● WHAT THIS TASK INVOLVES
In the data below, find the line containing "Вы правильно заметили-двух" and the line containing "そして、新入りのシロちゃん。", then reproduce them and every line between, exactly. Omit pictures.

● SUPPLIED ENTRIES
= = = = =
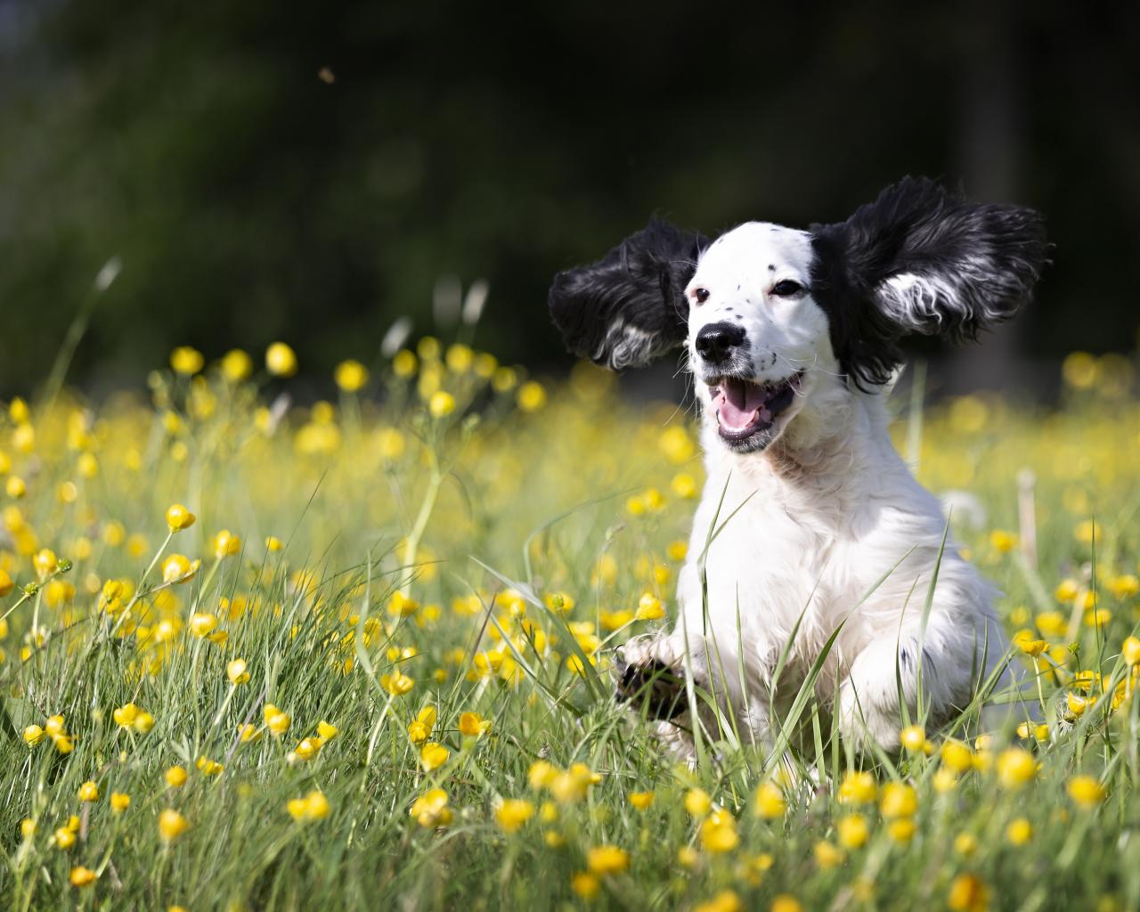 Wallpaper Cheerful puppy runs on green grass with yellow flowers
= = = = =
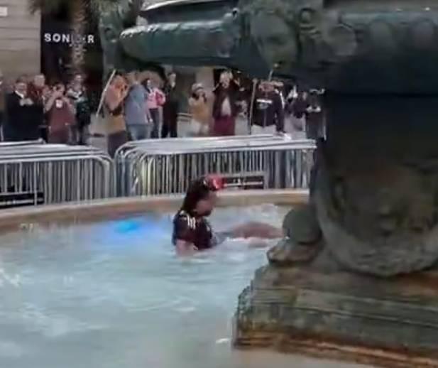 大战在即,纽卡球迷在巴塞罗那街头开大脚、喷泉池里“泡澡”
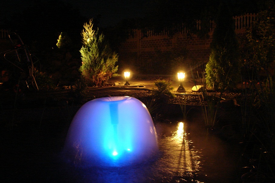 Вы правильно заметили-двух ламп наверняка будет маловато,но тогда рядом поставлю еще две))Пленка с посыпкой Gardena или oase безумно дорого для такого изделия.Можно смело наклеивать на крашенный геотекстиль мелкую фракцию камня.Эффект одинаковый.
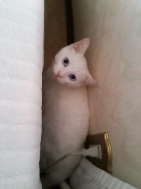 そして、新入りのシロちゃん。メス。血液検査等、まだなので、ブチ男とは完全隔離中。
= = = = =
● RESULT
 Вы правильно заметили-двух ламп наверняка будет маловато,но тогда рядом поставлю еще две))Пленка с посыпкой Gardena или oase безумно дорого для такого изделия.Можно смело наклеивать на крашенный геотекстиль мелкую фракцию камня.Эффект одинаковый.
 そして、新入りのシロちゃん。メス。血液検査等、まだなので、ブチ男とは完全隔離中。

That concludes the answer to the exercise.